Istituto Italiano di Tecnologia, Graphene Labs, Via Morego 30, I-16163 Genova, Italy. Cambridge Graphene Centre, University of Cambridge, Cambridge CB3 0FA, UK.
Texas Instruments, Dallas, TX 75243, USA.
Science. 2015 Jan 2;347(6217):1246501. doi: 10.1126/science.1246501.

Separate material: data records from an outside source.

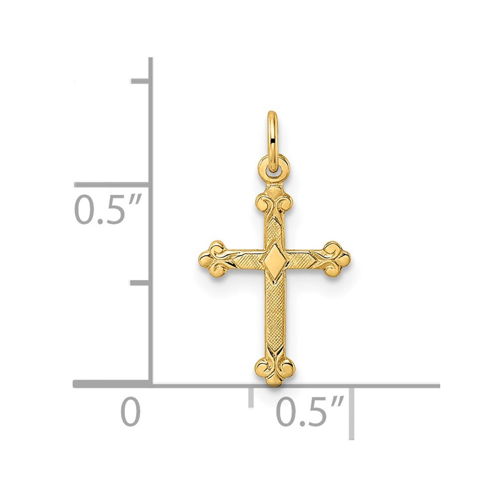 14k Polished and Textured Solid Diamond Shape Cross Pendant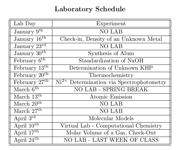[CHM 181] Revised Lab Schedule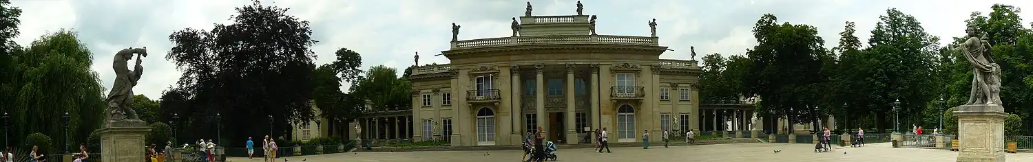 Der Łazienki-Palast wurde nach dem Warschauer Aufstand 1944 von der deutschen Wehrmacht gebrandschatzt und nach dem Zweiten Weltkrieg wiederaufgebaut.[1]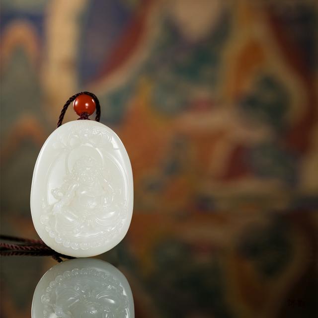 黄财神是藏传佛教各大教派普遍供养的五姓财神之首,主司财富,能使一切众生脱于贫穷,因其身相黄色,故名黄财神。作品圆润饱满,黄财神头戴宝冠,怒目圆睁,丰髯有威,其凛然威严之神态令人心生敬畏,头上的大鹏展翅鸟,既是护法,更能衬托黄财神的威严。作者纯熟的浮雕技法彰显其立体感,整体风格刚劲硬朗,韵致雄浑大气。款识:永昌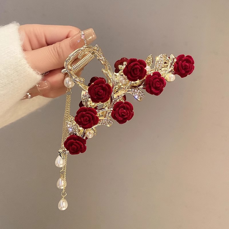 골동품 빨간 장미 술 머리 잡아 클립 기질 여성 머리 상어 클립 고급 감각 디스크 머리 잡아 클립 헤드웨어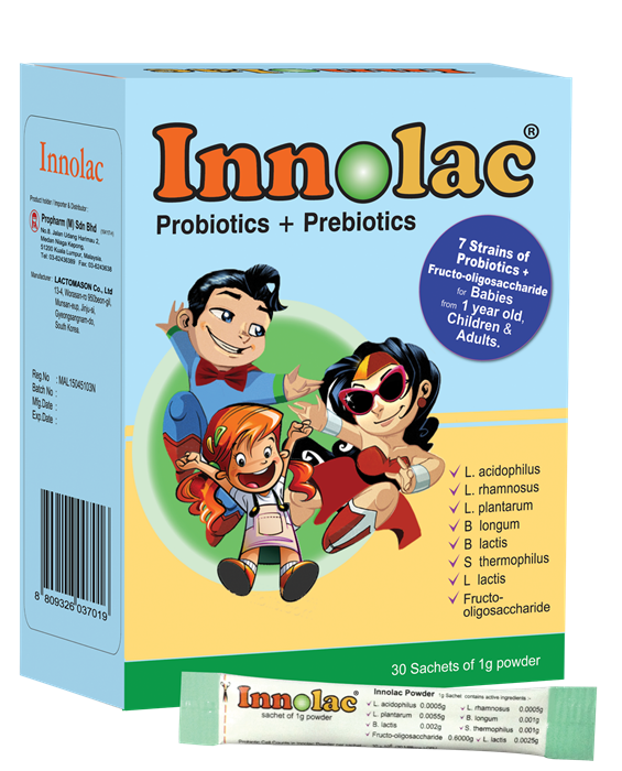 Innolac Probiotic & Prebiotic is suitable for everyone, from babies aged one year to children and adults. It comes in a convenient powder form that easily dissolves in the mouth and can be taken with or without water, juices, or even milk.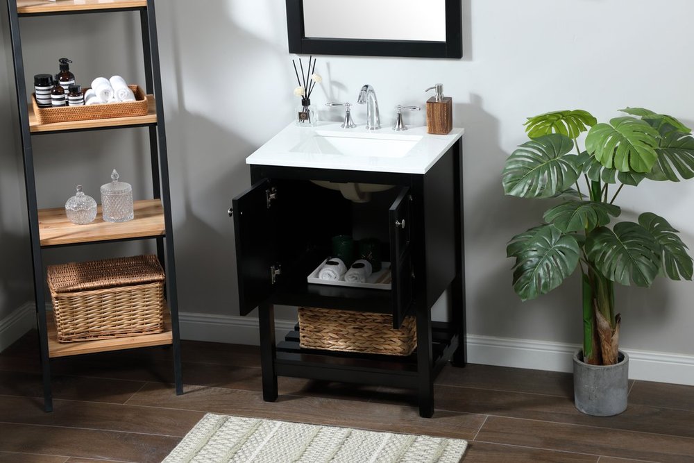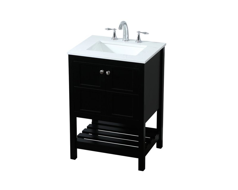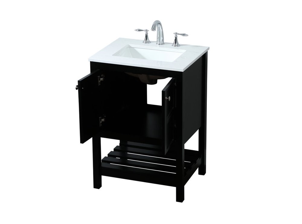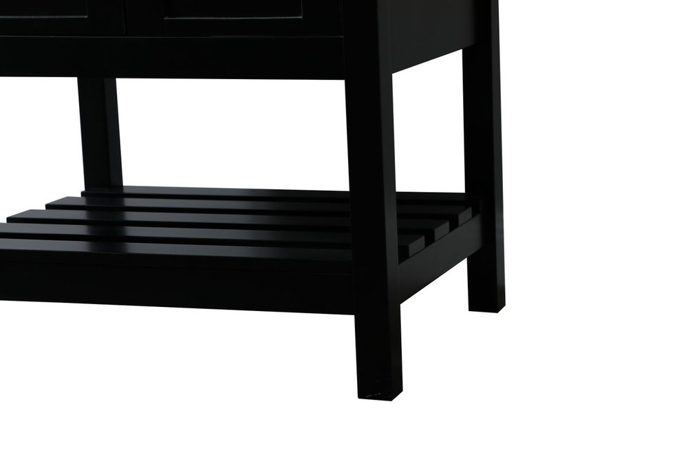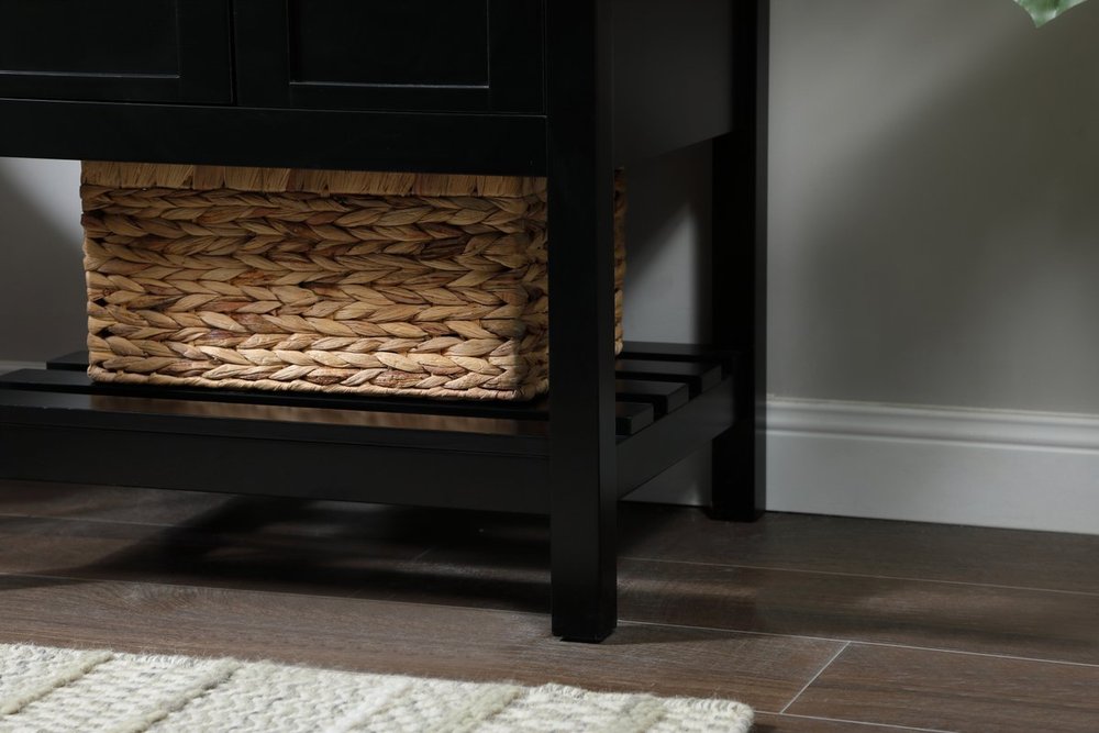 The subtle beauty of the Theo collection vanity exudes comfortable luxury. Its modern, yet traditional beauty will surely dress up your bathroom or powder room without any fuss. The calacatta engineered marble countertop and porcelain undermount sink shows quiet opulence, and the legs support upright without fail. Brushed nickel hardware complements the classic black finish, with pulls adorning the two cabinet doors, showcasing ample storage space within. Slated shelf allows for additional space to organize your towels. Whether this vanity is in your bathroom or for guests, its presence will surely elevate the aesthetics of your room.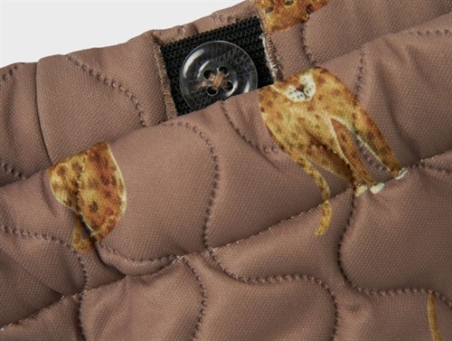 Det praktiske termosæt består af en jakke og bukser i brun, let vatteret materiale med et fint print af gyldne leoparder. Jakken lukkes med lynlås og har to lommer, mens bukserne har justerbar elastik i linningen for en fleksibel pasform.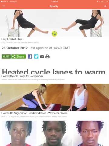 Sportly features premium curated Sports, Entertainment and News content from a variety of trusted partners. Download and view great videos ranging from Tennis, Football, Soccer, Yoga and more.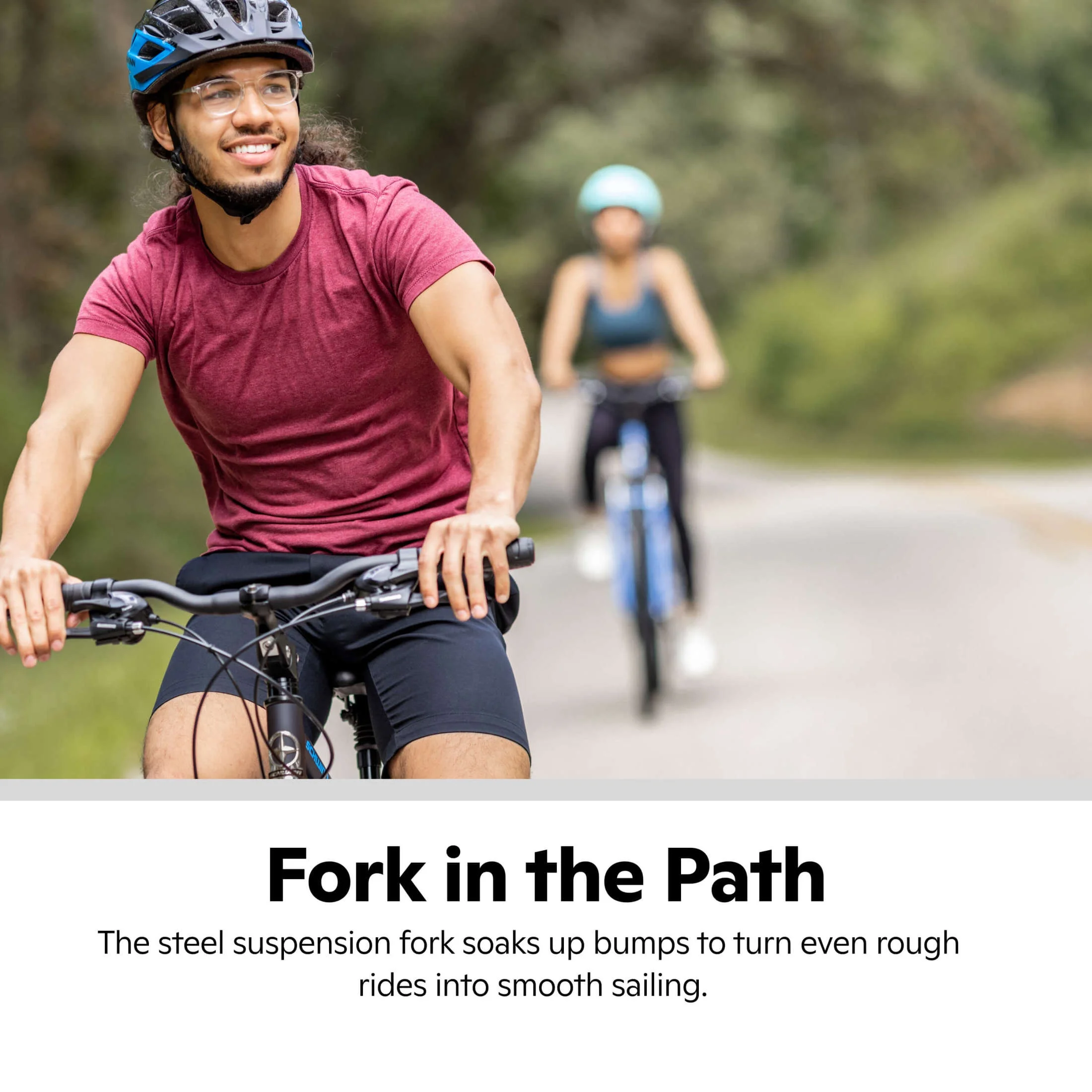- Durable steel hybrid frame with suspension fork to absorb bumps in the road and provide a more comfortable ride.
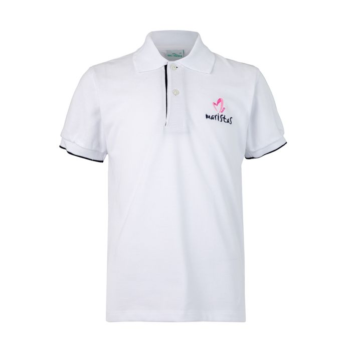 • Polo colegial de manga corta, realizado en pique con tapeta interior en color marino.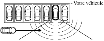 La zone de détection du capteur radar (arrière) est obstruée par un mur voisin ou un véhicule en stationnement. (Faire marche arrière avec le véhicule jusqu'à une position où la zone de détection du capteur radar n'est plus obstruée.)
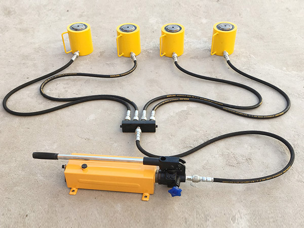 7、如需幾只千斤頂同時起重時,除應正確安放千斤頂外,應使用多頂分流閥,且每臺千斤頂?shù)呢摵蓱猓⒁獗3制鹕俣韧。還要考慮因重量不勻地面可能下陷的情況,防止被舉重物產(chǎn)生傾斜而發(fā)生危險。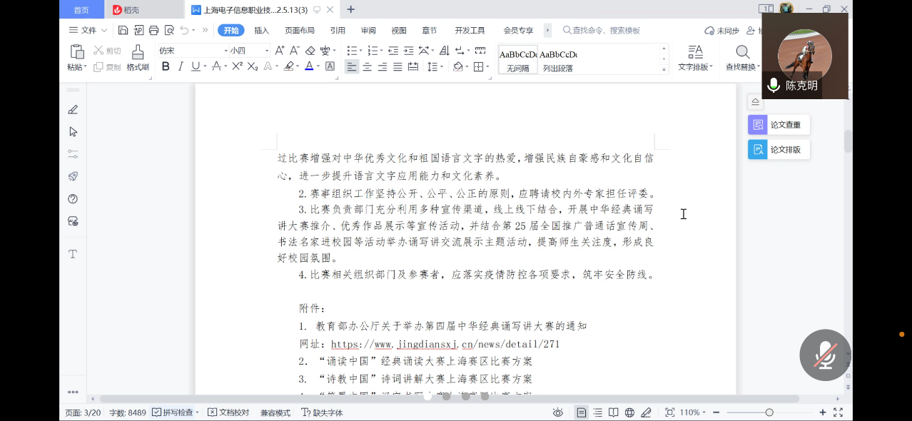 为/span>贯彻/span>落实全国语言文字会议及市语言文字会议精神,全面深入实施中华经典诵读工程,/span>校/span>语委办通过线上方式于/span>5/span>月/span>1/span>/span>4/span>日召开/span>/span>2/span>022/span>年语言文字工作专题会议。/span>/span>学校党委副书记、校长赵坚/span>,/span>学校党委副书记、副校长张涛及校语言文字工作委员会全体委员参加了会议。/span>会议由副校长/span>方林中/span>主持/span>。/span>/p> /span> /span>教务处副处长/span>王西贝/span>对/span>2/span>/span>022/span>年我校语言文字工作计划和工作进展进行了介绍,传达了/span>“/span>第四届中华经典诵读比赛/span>”/span>文件精神和参赛注意事项。/span>/span>/p> /span>/span>/p> 教务处/span>处长陈克明根据学校自身情况对/span>我校参加第四届诵写讲比赛方案进行解读,建议各部门协调配合,让/span>更多老师和学生参与到比赛之中。/span>/p> 校语言文字工作委员会/span>的各个/span>委员/span>在会上进行了热烈的交流与讨论,分享了对后续工作方式及部分工作要点的看法,还/span>提出了/span>参考/span>建议。/span>/p> 最后,校党委副书记、校长赵坚/span>指出:/span>我们/span>应该/span>以赛促教,以赛促学,让我们学校形成具有书香特色的职业教育氛围。/span>市/span>语委的各项比赛及活动应结合各部门的常规工作去开展,夯实我们学校传统文化育人的根基和厚度。/span>(/span>供稿单位:校语委办)/span>/p>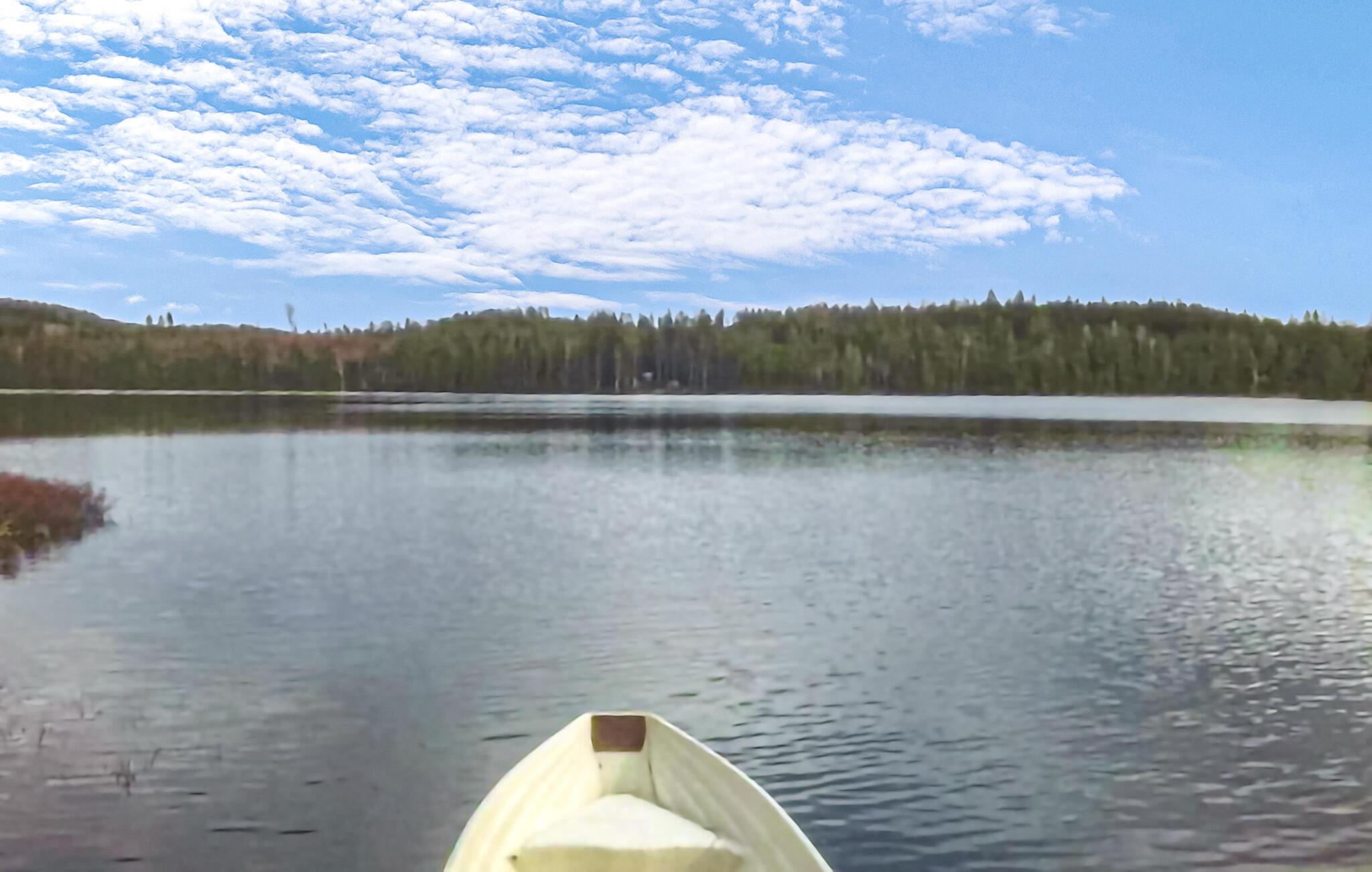 Udenfor er der en åben terrasse, hvor I kan nyde dagens første kop kaffe. En robåd er inkluderet i lejen, så I kan også opleve naturen fra vandsiden.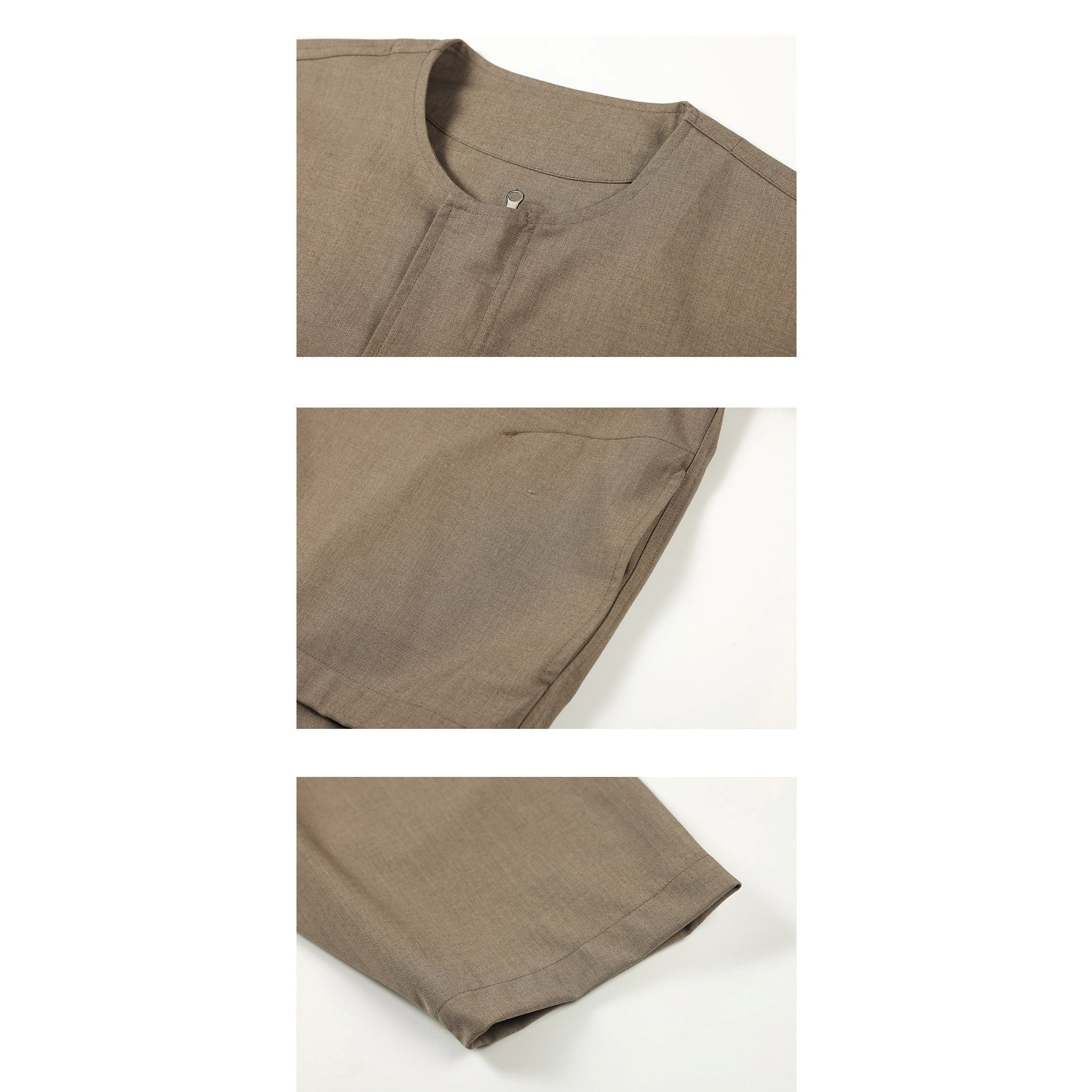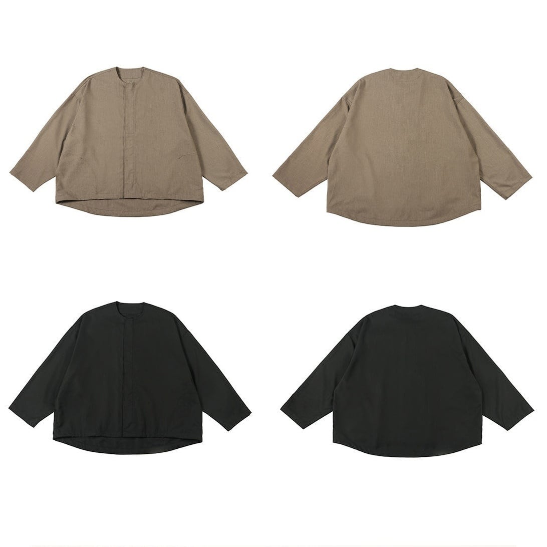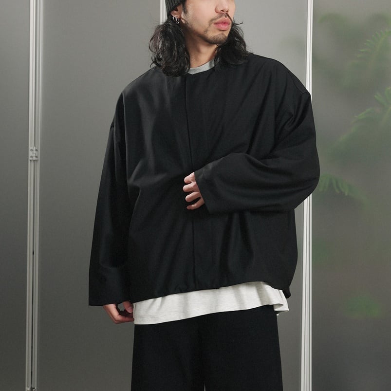 襟のないミニマルなデザインがスタイリッシュで、ドレープ感のある生地が大人っぽい雰囲気を演出します。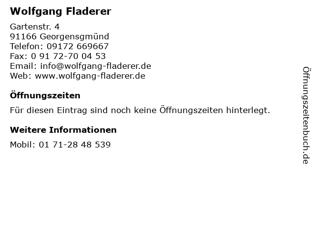 | Öffnungszeiten Wolfgang Fladerer in Georgensgmünd anzeigen | |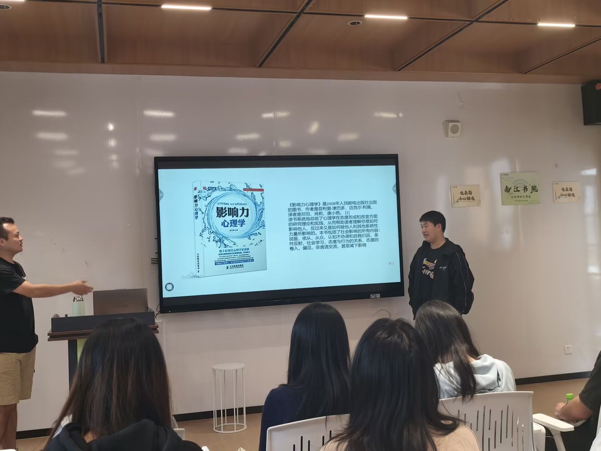 2025年10月15日日中午,2024级大数据学院数据科学与大数据技术异科5-6班的同学们在异科老师陈安鹏的带领下在南江书院博学·悦享互动空间开展本月的大咖阅读活动。本期交流的主题是《影响力心理学》大咖阅读分享会。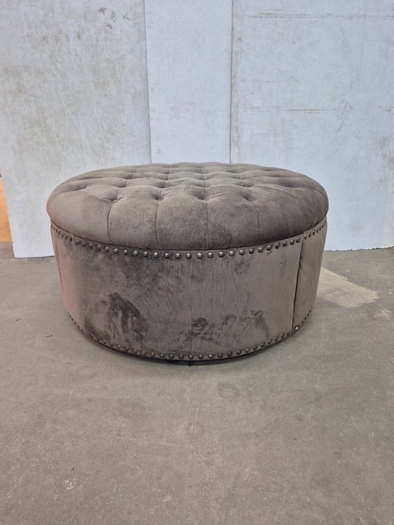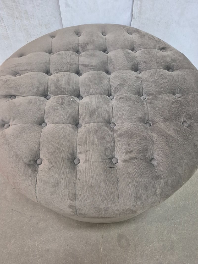 Ottoman, circular design, grey finishDimensions H 48cm x W 95cm x L 95 cm

Graphene and related two-dimensional crystals and hybrid systems showcase several key properties that can address emerging energy needs, in particular for the ever growing market of portable and wearable energy conversion and storage devices. Graphene's flexibility, large surface area, and chemical stability, combined with its excellent electrical and thermal conductivity, make it promising as a catalyst in fuel and dye-sensitized solar cells. Chemically functionalized graphene can also improve storage and diffusion of ionic species and electric charge in batteries and supercapacitors. Two-dimensional crystals provide optoelectronic and photocatalytic properties complementing those of graphene, enabling the realization of ultrathin-film photovoltaic devices or systems for hydrogen production. Here, we review the use of graphene and related materials for energy conversion and storage, outlining the roadmap for future applications.
石墨烯及相关二维晶体和杂化系统展现出多种关键特性,可满足新兴能源需求,特别是针对日益增长的便携式和可穿戴能量转换和存储设备市场。石墨烯具有柔韧性、大比表面积和化学稳定性,同时还具备优异的导电性和导热性,有望成为燃料电池和染料敏化太阳能电池中的催化剂。功能化石墨烯还可以改善电池和超级电容器中离子和电荷的存储和扩散。二维晶体则提供了光电和光催化特性,与石墨烯形成互补,从而实现用于制氢的超薄薄膜光伏器件或系统。在这里,我们综述了石墨烯及相关材料在能量转换和存储方面的应用,概述了未来应用的发展方向。